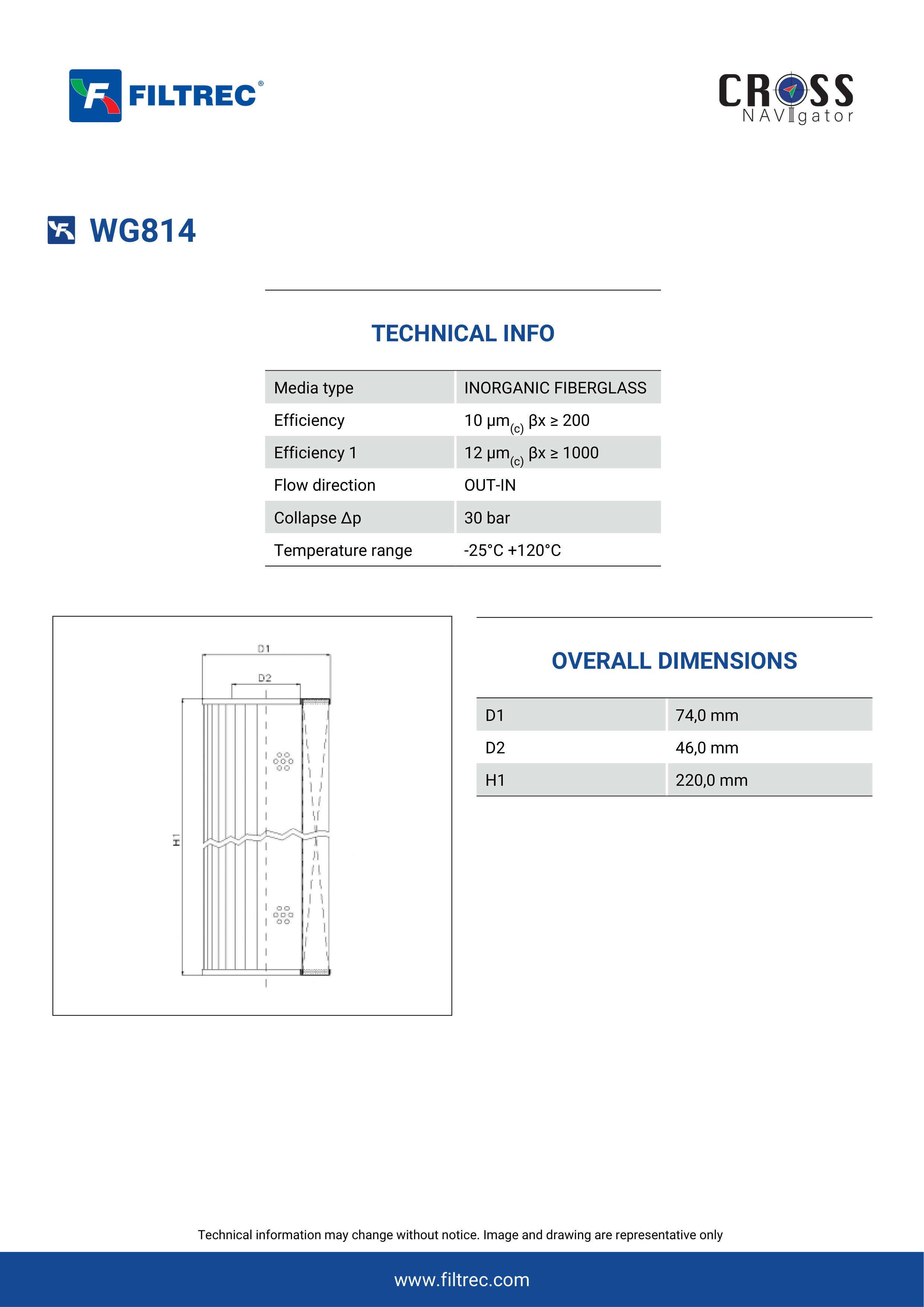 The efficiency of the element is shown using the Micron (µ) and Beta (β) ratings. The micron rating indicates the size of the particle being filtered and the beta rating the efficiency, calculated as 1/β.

--

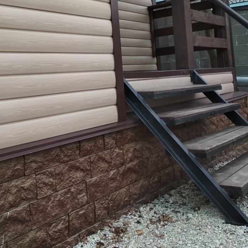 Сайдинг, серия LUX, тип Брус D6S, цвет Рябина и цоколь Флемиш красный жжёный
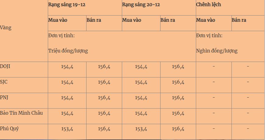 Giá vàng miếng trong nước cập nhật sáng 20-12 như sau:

▸ **EXERCISE OBJECTIVE**: If a picture sits between the line containing "Сайдинг, серия LUX, тип" and the line containing "Giá vàng miếng", leave it out, and return the lines of that range above exactly, both ends included.

▸ **SOLVED EXERCISE**:
 Сайдинг, серия LUX, тип Брус D6S, цвет Рябина и цоколь Флемиш красный жжёный
 Giá vàng miếng trong nước cập nhật sáng 20-12 như sau:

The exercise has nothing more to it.